Thanks for your comment. I simply like quality, well-built products, a by-product of my desire for perfection, which I know can be expensive. The Bravo in my opinion, is a good value. The price goes to $439 with a Howa action, and Sako green is not available for the Howa, but still, I think it a good piece. I have to decide what quality/price strata I want to be in. Going MDT as I configured it, means about a $231 price bump over the Bravo, and that is the MDT sale. Without the MDT sale, the gap grows to $371.
It is hard for me to believe the misaligned stock/fore-end is supposed to be that way. I've looked at plenty of photos of the Bravo, with actions installed, and some are quite misaligned while others are very close to perfect. Either manufacturing is inconsistent or the fit is sensitive to installation process. I don't know.

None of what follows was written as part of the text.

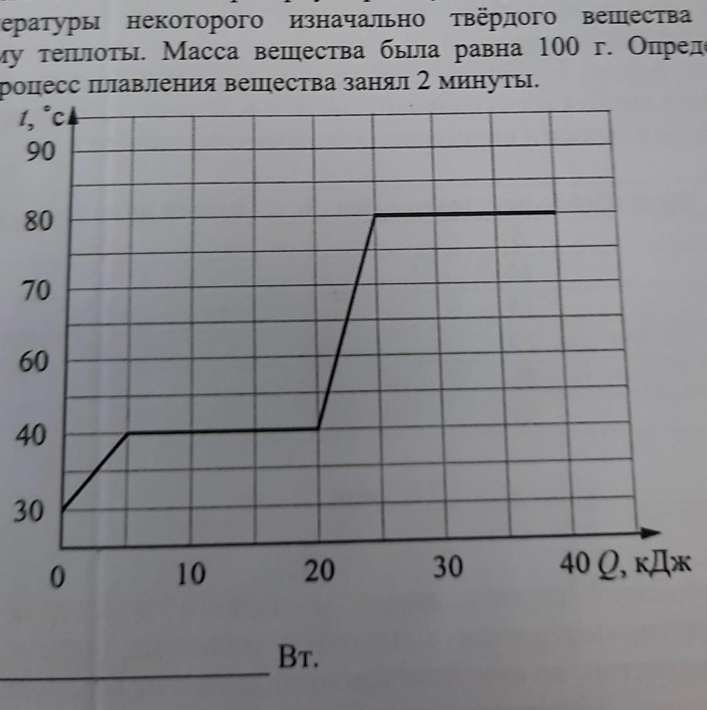 подведённой к нему теплоты. Масса вещества была равна 100 г. Определите мощность

Overall, especially for the Howa, there is little else to be had for the price of the Bravo. The only other option is the Bell & Carlson Tactical Style 6, and then you have to add bottom metal. I have Howa polymer bottom metal and a mag, which is cheap, but still, the cost now is close to as much as the Bravo, and I don't have adjustable LOP on the B&C.
The Bravo does offer some advantages over the MDT (for me).
- Bravo can use AICS mags. MDT can only use MDT polymer mags.
- As a poster noted above, the MDT polymer mags hold 8 rounds. There is no 5 or 10 round option.
- I do not need fancy (costly) continuously adjustable LOP. The Bravo spacers work fine, as I am the only one shooting the rifle.
- I prefer a quickly removable cheek piece if the bolt interferes vs a screw wheel.